Page:Durkheim - Les Formes élémentaires de la vie religieuse.djvu/165

Le texte de cette page a été corrigé et est conforme au fac-similé.

Tout ce qui vient d’être dit du totem dans les sociétés australiennes s’applique aux tribus indiennes de l’Amérique du Nord. Toute la différence est que, chez ces dernières, l’organisation totémique a une fermeté de contours et une stabilité qui lui font défaut en Australie. Les clans australiens ne sont pas simplement très nombreux ; ils sont, pour une même tribu, en nombre presque illimité. Les observateurs en citent quelques-uns à titre d’exemples, mais sans réussir jamais à nous en donner une liste complète. C’est qu’à aucun moment cette liste n’est définitivement arrêtée. Le même processus de segmentation qui a démembré primitivement la phratrie et qui a donné naissance aux clans proprement dits, se continue sans terme à l’intérieur de ces derniers ; par suite de cet émiettement progressif, un clan n’a souvent qu’un effectif des plus réduits[1]. En Amérique, au contraire, le système totémique a des formes mieux définies. Bien que les tribus y soient, en moyenne, sensiblement plus volumineuses qu’en Australie, les clans y sont moins nombreux. Une même tribu en compte rarement plus d’une dizaine[2], et souvent moins ; chacun d’eux constitue donc un groupement beaucoup plus important. Mais surtout le nombre en est mieux déterminé : on sait combien il y en a et on nous le dit[3].

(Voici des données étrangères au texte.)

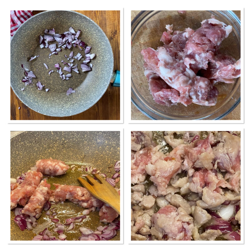 • Brate die Zwiebel in etwas Olivenöl an, füge die aus dem Darm gelöste Salsiccia hinzu und lasse sie kurz anbraten.
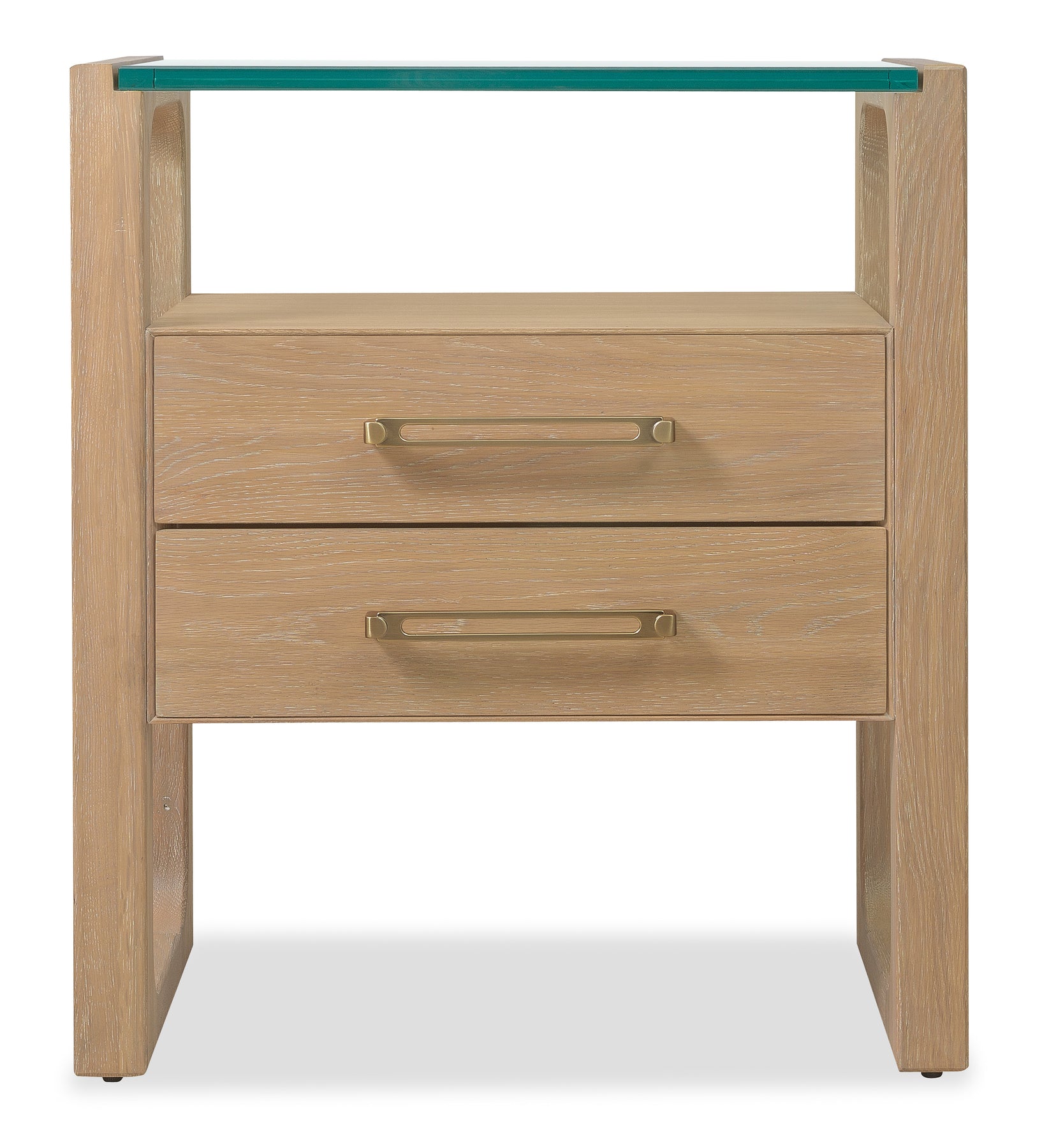 The Banyon Bay Two Drawer Nightstand offers a balance of function and design. With its light Desert Oak finish, this nightstand features white oak solids and oak veneers with tempered glass. The multi-step finish includes wire-brushing and cerusing for added texture, while stainless steel custom bar hardware adds a modern touch. It has two drawers with oak veneer bottoms, an open storage area beneath the glass top, and an open side design, offering stylish storage for your essentials. Perfect for contemporary bedrooms, this nightstand enhances your space with a sleek and refined look.

Cette différence tient à la supériorité de la technique sociale. Les groupes sociaux, dès le moment où ces tribus ont été observées pour la première fois, étaient fortement

  1. Une tribu de quelques centaines de têtes compte parfois jusqu’à 50 ou 60 clans et même beaucoup plus. Voir sur ce point Durkheim et Mauss, De quelques formes primitives de classification, in Année sociologique, t. VI, p. 28 n. 1.
  2. Sauf chez les Indiens Pueblo du Sud-Ouest où ils sont plus nombreux. V. Hodge, Pueblo Indian Clans, in American Anlhropologist, lre série, t. IX, p. 345 et suiv. On peut se demander toutefois si les groupes qui portent ces totems sont des clans ou des sous-clans.
  3. V. les tableaux dressés par Morgan dans Ancient Society, p. 153-185.